Three Chicago police officers shot


One officer was shot in the chin and protective vest, another was hit in the hip, and a bullet struck a third officer’s protective vest, according to Brown. All three were transported to hospitals, along with two other officers with chest pains.

His conditions were not immediately disclosed.

Dr. Samuel Kingsley, a trauma surgeon, told reporters that an officer with a wound to the left side of his neck was placed in a breathing tube and doctors were stabilizing him.

A suspect was also shot and taken to a hospital, Brown said. His condition has not been released.

The shooting occurred around 9:40 a.m. when officers attempted to apprehend the suspect, described as a violent criminal taking a car, in custody in front of a police station on the northwest side, Brown said.

Officers had seen a car from a car theft in the center on June 26. Gunshots erupted when they were detaining the suspect, according to Brown. “Officers got behind this car, identified it as the car theft vehicle, stopped it, put the suspect in custody, and then the rest happened after that,” Brown said.

Brown said investigators were still trying to sort out the details of the confrontation.

“I want to strongly emphasize the inherent dangers that these and all Chicago police officers experience every day protecting Chicagoans,” said the superintendent.

“When they leave home, they leave their loved ones and put on their stars and risk everything. They risk everything protecting us all.”

Trump announces 'surge' of federal officials to Chicago while campaigning on 'law and order' mantle

Mayor Lori Lightfoot asked city residents via Twitter to join her in prayer for the officers.

“Today is a scorching reminder of the danger our men and women in our Police Department face every day they put on their uniforms and leave their homes,” he wrote.

“This is the sacrifice they make to serve and protect our city and our residents.”

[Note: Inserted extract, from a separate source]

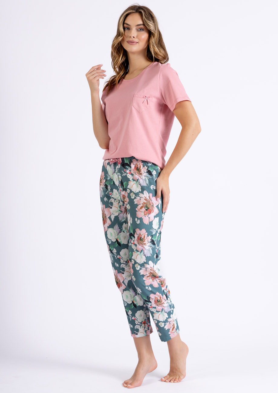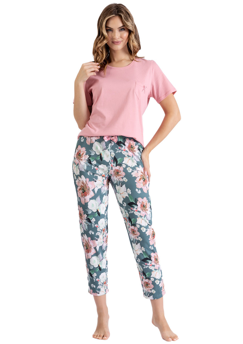 Dámske pyžamo s krátkymi rukávmi a dlhými nohavicami vyrobené zo 100% bavlny, všívaná guma v páse nohavíc.

President Donald Trump said last week that he planned to send federal police to Chicago and other cities that, in his words, “are run by very liberal Democrats,” to try to combat violence.
Lightfoot said the government could help by cracking down on illegal weapons, but warned against the kind of involvement seen in Portland, Oregon, where the presence of federal police and aggressive tactics have drawn criticism from the city mayor and elicited an angry response from the protesting crowds. racial inequality and police brutality.
On July 21, a day after Trump’s announcement, police said 15 people were shot in a shooting at a Chicago funeral for a victim of a previous shooting.
The shooting was the latest in a wave of gun violence in Chicago and other major U.S. cities in recent months that coincided with the end of the Covid-19 blockades, mass protests against police brutality, and the arrival of summer. , when crime increases annually.